A 28-year old patient suffers from epilepsy with Grand Mal for 5 years. Seizures manifest while awake, but without any further binding to the sleep-wake-cycle. Even purposeful asking did not give hints for focal onset of seizure semiology. Routine and sleep-deprivation EEG were normal as was cerebral MRI. We allocated the condition to unclassified epilepsy, as we did not find evidence for partial or generalized epilepsy. 20% of all epilepsies are unclassified, in some cases the further course of the condition allows to make the syndromatic diagnosis of partial or generalized epilepsy.

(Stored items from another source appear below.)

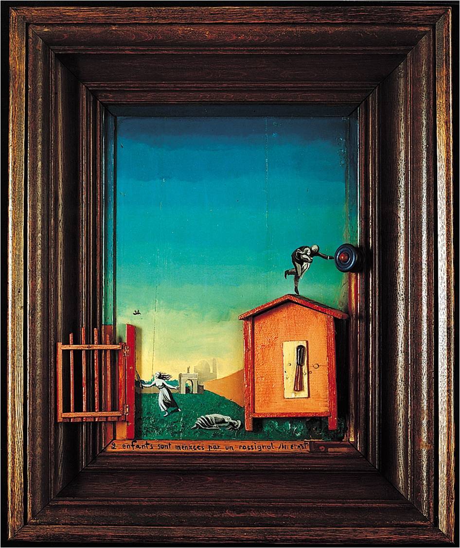 MAX ERNST, Two Children Are Threatened by a Nightingale, 1924. Oil on wood with wood construction, 2’ 3 1/2” x 1’ 10 1/2” x 4 1/2”. Museum of Modern Art, New York.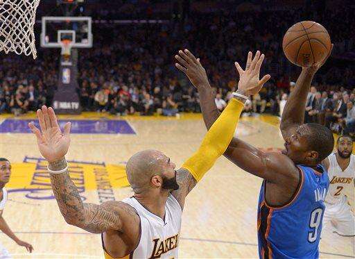 Oklahoma City grabbed 16 offensive rebounds to Los Angeles' nine. The disparity was the primary reason that Lakers coach Byron Scott thought all of his big men were soundly outplayed. Ibaka had five of those offensive boards. "It was offensive rebounds that cost us the game," Lakers forward Ed Davis said. "I don't know exactly what the second-chance points were (20-13 for the Thunder), but they definitely killed us on the glass, and that's probably the main reason why we lost."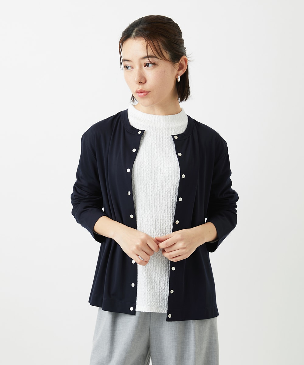 柔らかなカットソーのスナップカーディガンは、夏に向けて一枚あると便利です。

The current patient reported 4-5 five Grand Mal annually. Despite this rather high frequency of severe epileptic seizures, the patient declined – from onset of his epilepsy – taking of antiepileptic drugs. He indicated a generally dismissive attitude towards chronically taking medication.
We explained to that patient that the main problem in epilepsy is that seizures generally manifest very sudden and often without any warning. In Grand Mal, uncontrolled falls may result in substantial injuries. We further had to explain him that patients may die during or shortly after a Grand Mal. This sudden unexpected death in epilepsy patients (SUDEP) is likely caused by seizure-related cardial arrhythmias. The most efficient measure to prevent SUDEP is prevention of Grand Mal. Despite our explanations, the patient further declined to take antiepileptic drugs.
Non-adherence towards physicians’ recommendations presents a great challenge, in particular in pharmacotherapy of chronic diseases. In the current case, the patient at least communicated his non-adherence; commonly, the doctor does not know about the irregular or absent taking of antiepileptic drugs.